# Форум на русском языке  > Разное  > Опросы  >  Какой "качалкой" пользуетесь?

## Макcим

Голосуем активнее!

----------

Надоело быть жертвой? Стань профи по информационной безопасности, получай самую свежую информацию об угрозах и средствах защиты от ведущего российского аналитического центра Anti-Malware.ru:

----------


## akok

ReGet 5.2 - неплохая качалка

----------


## Толик

FlashGet!  Встроенной в Макстон, для скачки с рапиды  :Wink:

----------


## Surfer

1) фри регет, персоналка 5.2 http://deluxe.reget.com/ru/download.htm
2) орбит
3) universal share downloader 1.3.4.9
4) wGet + GUI

----------


## Shark

Сначала пользовался Download Master. Теперь Оперная в ходу.
Нормально так, нравится.

----------


## naik212006

> Сначала пользовался Download Master. Теперь Оперная в ходу.
> Нормально так, нравится.


Не знаю, не знаю!
Может чего не так делаю, но ....
Сижу на GPRS при всем моем уважении к Опере, при обрыве связи все сначала.
Пользуя Download Master или ReGet все нормально,
Flash Get версии 1.73 тоже, все что позже глючное(ИМХО),
по крайней мере у меня.
Так что каждому своё.....

----------


## ed13

С недавних пор пользуюсь Free Download Manager, на которого наткнулся вместе с Оперой-АС.. Вполне приличная качалка, пока удовлетворяет...

----------


## Макcим

Download Master - качаю в основном малвары. Он хорошо маскируется под IE.
Для всякой мелочи пользуюсь встроенной в Firefox. Теперь думаю взять ReGet Personal для остальных закачек (музыка, софт).

----------


## fotorama

_Download Master_

----------


## maXmo

В 99.9% случаев хватает встроенной в фаерфокс, в остальных случаях вспоминаю, что у меня ещё Free Download Manager установлен.

----------


## MaksimP

Download Master и Opera

----------


## Quazar

Orbit довольно таки хорош.
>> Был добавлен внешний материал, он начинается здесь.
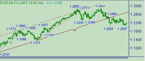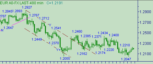 Параметры последнего торгового дня Open=1.2124, High=1.2169, Low=1.2047, Close= 1.2140.

Жалко тока, что после ошибки закачки он сам не восстанавливает сессию))

----------


## rubin

Download Master

----------


## XP user

Встроенной в Firefox.

Paul

----------


## rayoflight

Internet Download Manager.Для меня самый удобный,цепляет те ссылки,которые другие не могут.

----------


## Karlson

В 99.9% случаев хватает встроенной в фаерфокс (с)

----------


## sergey888

Сейчас пользуюсь или плагин для Mozilla Firefox или Download Master.
Из платных можно отметить Internet Download Manager и FlashGet обе отличные качалки.
ReGet использовал. но очень давно и тогда он был не стабилен и часто бил файлы при скачивании, но возможно это давно все исправили.

----------


## rayoflight

FlashGet уже давно бесплатный.

----------


## sergey888

> FlashGet уже давно бесплатный.


Ничего удивительного, рекламмы туда навтыкали и сделали бесплатным. А я пользовался когда он еще платным был.

----------


## shockwave

Встроенный в браузер Firefox (иногда Opera) и Регет.

----------


## Толик

> Ничего удивительного, рекламмы туда навтыкали и сделали бесплатным


Не говорите того, чего не знаете!
Рекламы нет, ни одного баннера!!!
Вот скрин если не верите
http://i30.tinypic.com/2wp1kdw.jpg

----------

Надоело быть жертвой? Стань профи по информационной безопасности, получай самую свежую информацию об угрозах и средствах защиты от ведущего российского аналитического центра Anti-Malware.ru:

----------


## drongo

попробовал   orbit, наверно реклама по телевизору подействовала  :Smiley: 
 Понравилось :Мало памяти ест , есть грабер видео прибамбасов.
Шпионов вроде нет,  рекламы тоже нет .Hа всякий случай отключил какой-то внутренний  p2p.

----------


## Макcим

> Шпионов вроде нет,  рекламы тоже нет .


Всё равно домой "звонит". Проследи адреса и заблокируй файрволом.

----------


## Catkin

Download Master, для мелочи встроенный в Firefox, для торрентов uTorrent.

----------


## Jolly Rojer

Очень часто использую wget.

----------


## ScratchyClaws

FlashGet, иногда встроенный в симанки менеджер загрузок...
ещё мюторрент и dc++
кажись всё

----------


## xzv

wget - лучшая качалка!
Иногда ещё встроенный в браузер (firefox)...

----------


## Stec

Orbit, пока не подводил.

----------


## Quazar

Orbit поменял вскоре на FlashGet)) Он идеален вместе со FlashGot'ом, встроенным в лису.

----------


## copsmith

Только DM ... но слегка "подломанный"  :Smiley:

----------


## Alex Plutoff

-в основном Download Master, но и другими тоже... это обусловлено моими предпочтениями по отношению к используемым браузерам... в FireFox, например, встраиваемый менеджер закачек DownThemAll, вполне самодостаточный плагин... в Opera, тоже, имеется свой, но это уже скоре даже и не плагин, а, собственно, неотъемлимый модуль самого браузера...

----------


## Groft

С IE пользуюсь Download Master, в Опере - встроеный качальщик.

----------


## SDA

Download Master.

----------


## AK-47

ReGet, встроенный - Opera... Иногда - Firefox...

----------


## Белый Сокол

Orbit  :Smiley:

----------


## vau2008

Качаю с помощью *FlashGet*: версии 1.73 (не самая новая, но вполне - до сих пор раздается на сайте) либо 1.82 (поновее).
Последняя версия: 1.96 - разочаровала меня своими аппетитами в интернете (требует разрешения ходить по куче адресов).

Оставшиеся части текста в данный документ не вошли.